-------- WORKING DATA --------

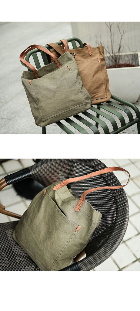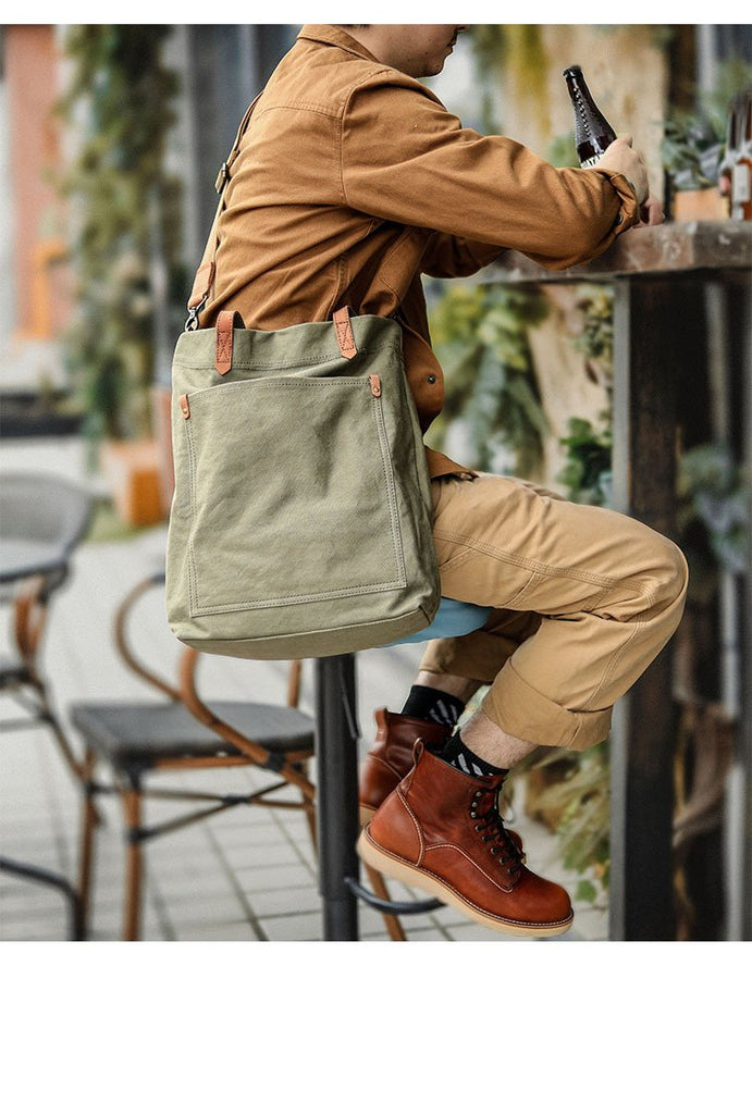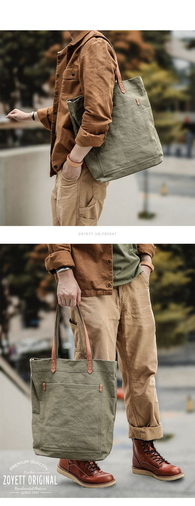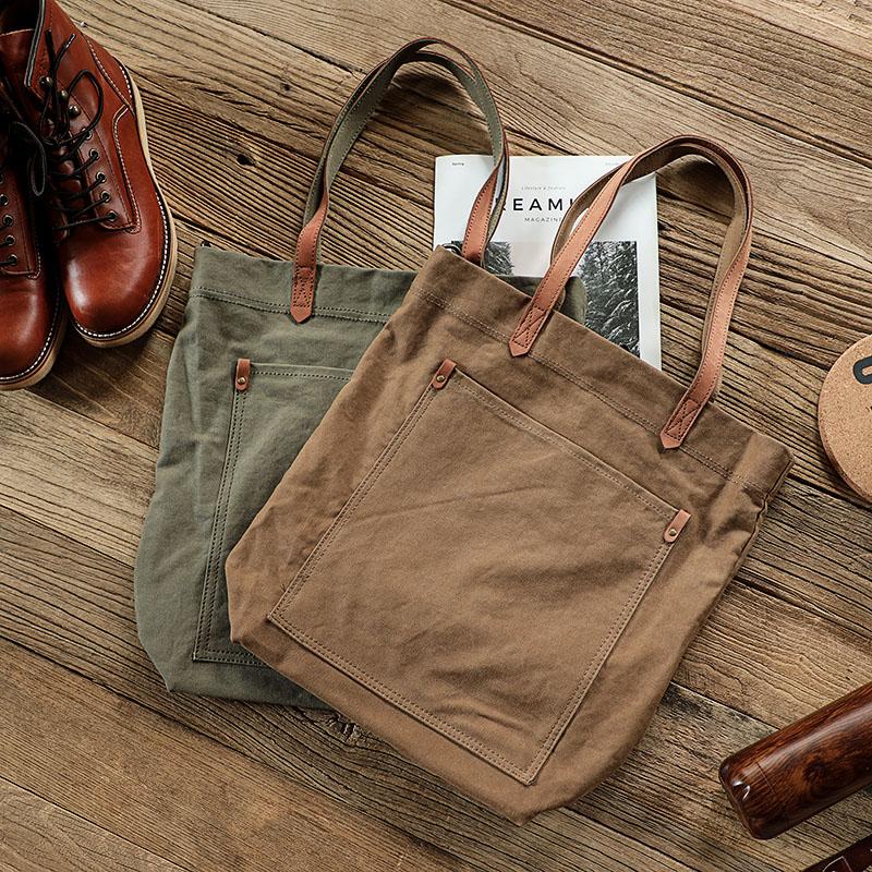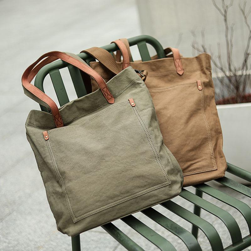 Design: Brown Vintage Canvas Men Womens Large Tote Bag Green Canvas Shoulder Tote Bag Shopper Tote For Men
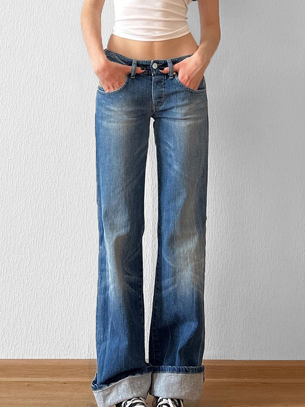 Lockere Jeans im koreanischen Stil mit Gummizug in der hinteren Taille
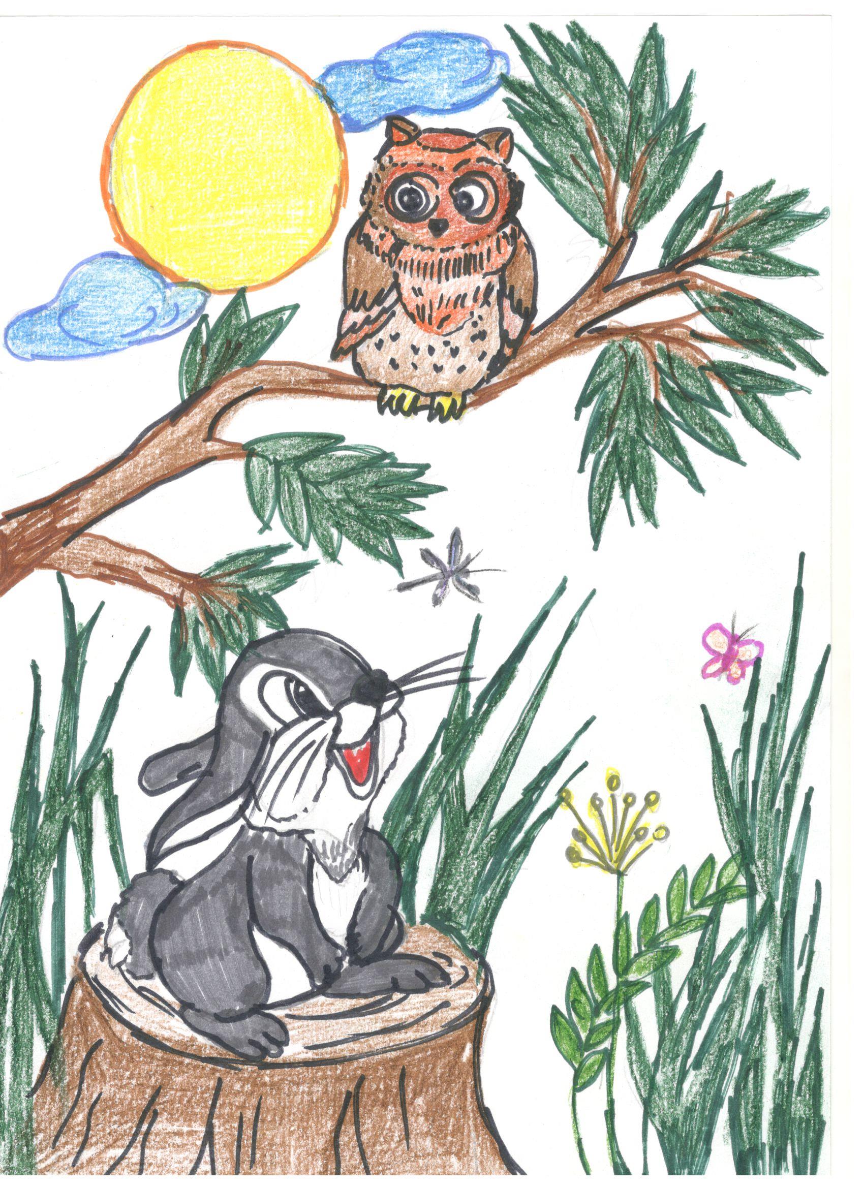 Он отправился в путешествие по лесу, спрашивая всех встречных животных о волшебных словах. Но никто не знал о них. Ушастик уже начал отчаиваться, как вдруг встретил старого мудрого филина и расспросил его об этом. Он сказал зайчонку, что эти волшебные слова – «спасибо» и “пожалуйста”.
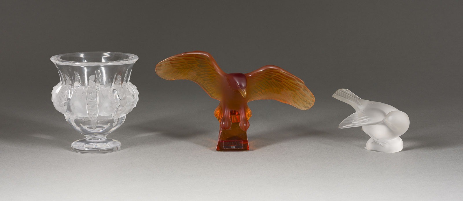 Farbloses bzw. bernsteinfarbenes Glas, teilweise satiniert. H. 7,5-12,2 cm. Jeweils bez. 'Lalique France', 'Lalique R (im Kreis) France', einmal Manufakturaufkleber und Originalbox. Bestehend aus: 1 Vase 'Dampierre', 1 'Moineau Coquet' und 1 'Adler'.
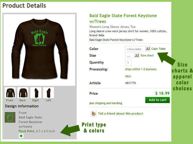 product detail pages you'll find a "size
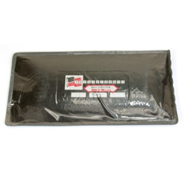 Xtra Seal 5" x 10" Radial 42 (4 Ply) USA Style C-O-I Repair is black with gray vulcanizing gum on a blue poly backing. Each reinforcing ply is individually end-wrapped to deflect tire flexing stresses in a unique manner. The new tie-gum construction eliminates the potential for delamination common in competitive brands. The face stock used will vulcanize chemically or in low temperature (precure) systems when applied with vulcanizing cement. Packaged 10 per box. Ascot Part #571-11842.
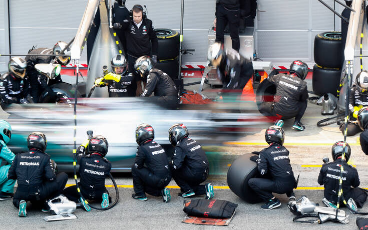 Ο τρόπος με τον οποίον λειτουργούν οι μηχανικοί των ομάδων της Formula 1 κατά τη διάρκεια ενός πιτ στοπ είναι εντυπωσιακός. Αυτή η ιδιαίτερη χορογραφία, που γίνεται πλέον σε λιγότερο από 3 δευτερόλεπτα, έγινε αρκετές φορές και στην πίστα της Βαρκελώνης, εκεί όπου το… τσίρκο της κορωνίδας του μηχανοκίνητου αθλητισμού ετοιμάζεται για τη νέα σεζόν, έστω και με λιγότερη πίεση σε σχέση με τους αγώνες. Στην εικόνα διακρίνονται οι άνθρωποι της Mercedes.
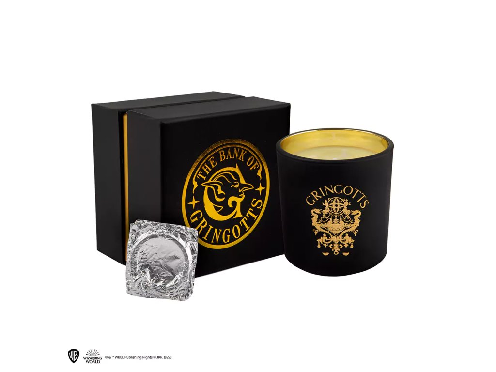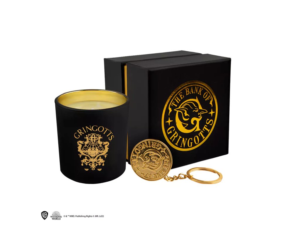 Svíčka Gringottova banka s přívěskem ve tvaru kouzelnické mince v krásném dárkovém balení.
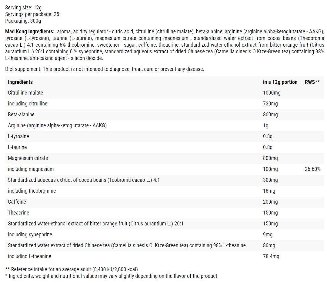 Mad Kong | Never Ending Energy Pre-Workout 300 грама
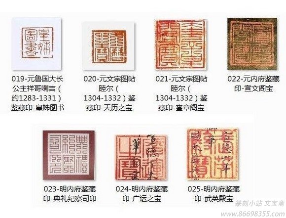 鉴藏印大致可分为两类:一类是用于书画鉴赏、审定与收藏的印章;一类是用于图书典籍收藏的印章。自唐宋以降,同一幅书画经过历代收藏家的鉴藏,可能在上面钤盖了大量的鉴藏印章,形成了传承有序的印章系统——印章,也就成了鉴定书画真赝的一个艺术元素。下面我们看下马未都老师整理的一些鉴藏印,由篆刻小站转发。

--------

* EXERCISE REQUIREMENTS: Pictures aside, reproduce all of the data exactly.

* TASK RESPONSE:
 Design: Brown Vintage Canvas Men Womens Large Tote Bag Green Canvas Shoulder Tote Bag Shopper Tote For Men
 Lockere Jeans im koreanischen Stil mit Gummizug in der hinteren Taille
 Он отправился в путешествие по лесу, спрашивая всех встречных животных о волшебных словах. Но никто не знал о них. Ушастик уже начал отчаиваться, как вдруг встретил старого мудрого филина и расспросил его об этом. Он сказал зайчонку, что эти волшебные слова – «спасибо» и “пожалуйста”.
 Farbloses bzw. bernsteinfarbenes Glas, teilweise satiniert. H. 7,5-12,2 cm. Jeweils bez. 'Lalique France', 'Lalique R (im Kreis) France', einmal Manufakturaufkleber und Originalbox. Bestehend aus: 1 Vase 'Dampierre', 1 'Moineau Coquet' und 1 'Adler'.
 product detail pages you'll find a "size
 Xtra Seal 5" x 10" Radial 42 (4 Ply) USA Style C-O-I Repair is black with gray vulcanizing gum on a blue poly backing. Each reinforcing ply is individually end-wrapped to deflect tire flexing stresses in a unique manner. The new tie-gum construction eliminates the potential for delamination common in competitive brands. The face stock used will vulcanize chemically or in low temperature (precure) systems when applied with vulcanizing cement. Packaged 10 per box. Ascot Part #571-11842.
 Ο τρόπος με τον οποίον λειτουργούν οι μηχανικοί των ομάδων της Formula 1 κατά τη διάρκεια ενός πιτ στοπ είναι εντυπωσιακός. Αυτή η ιδιαίτερη χορογραφία, που γίνεται πλέον σε λιγότερο από 3 δευτερόλεπτα, έγινε αρκετές φορές και στην πίστα της Βαρκελώνης, εκεί όπου το… τσίρκο της κορωνίδας του μηχανοκίνητου αθλητισμού ετοιμάζεται για τη νέα σεζόν, έστω και με λιγότερη πίεση σε σχέση με τους αγώνες. Στην εικόνα διακρίνονται οι άνθρωποι της Mercedes.
 Svíčka Gringottova banka s přívěskem ve tvaru kouzelnické mince v krásném dárkovém balení.
 Mad Kong | Never Ending Energy Pre-Workout 300 грама
 鉴藏印大致可分为两类:一类是用于书画鉴赏、审定与收藏的印章;一类是用于图书典籍收藏的印章。自唐宋以降,同一幅书画经过历代收藏家的鉴藏,可能在上面钤盖了大量的鉴藏印章,形成了传承有序的印章系统——印章,也就成了鉴定书画真赝的一个艺术元素。下面我们看下马未都老师整理的一些鉴藏印,由篆刻小站转发。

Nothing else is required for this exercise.